For the thirds in the temperament octave, it is difficult to tune so many beats per second, but after setting the temperament and duplicating it one octave below, all of these beat frequencies are present at half the indicated rate in this lower octave, which are excellent for verification that the temperament is correct. One of the easiest tests of equal temperament is to play a succession of major thirds, each one a semitone higher than the last. If equal temperament has been achieved, the beat rate of these thirds should increase evenly in the temperament region.
The next table indicates the pitch at which the strongest beating should occur for useful intervals. As described above, when tuning a perfect fifth, for instance, the beating can be heard not at either of the fundamental pitches of the keys played, but rather an octave and fifth above the lower of the two keys, which is the lowest pitch at which their harmonic series overlap. Once the beating can be heard, the tuner must temper the interval either wide or narrow from a tuning that has no beatings.

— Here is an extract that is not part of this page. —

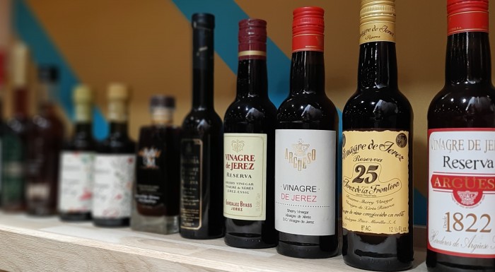 Varias elaboraciones con productos de la zona nos demuestran el potencial que adquieren los platos junto a estos especiales, a la vez que tradicionales, vinagres. El valor de los productos de la D.O.P. que garantiza calidad, autenticidad y la tradición de esta región del sur peninsular son los protagonistas. Vinagres que aportan acidez a los platos, los matices de las viejas botas con diferentes intensidades, donde productos como el atún rojo salvaje o las ostras "amelie" se ven elevadas y potenciadas por amables sabores. Salsas que evocan esos vinos de crianza biológica que tanto caracterizan a la región con un toque muy particular.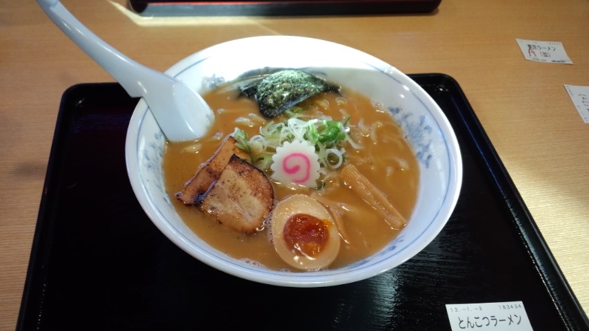 東京ラーメンは醤油味の細麺でした。とんこつラーメンは太麺で

Interval	Approximate frequency ratio	Beating above the lower pitch	Tempering
Octave	2:1	Octave	Exact
Major sixth	5:3	Two octaves and major third	Wide
Minor sixth	8:5	Three octaves	Narrow
Perfect fifth	3:2	Octave and fifth	Slightly narrow
Perfect fourth	4:3	Two octaves	Slightly wide
Major third	5:4	Two octaves and major third	Wide
Minor third	6:5	Two octaves and fifth	Narrow
Unison	1:1	Unison	Exact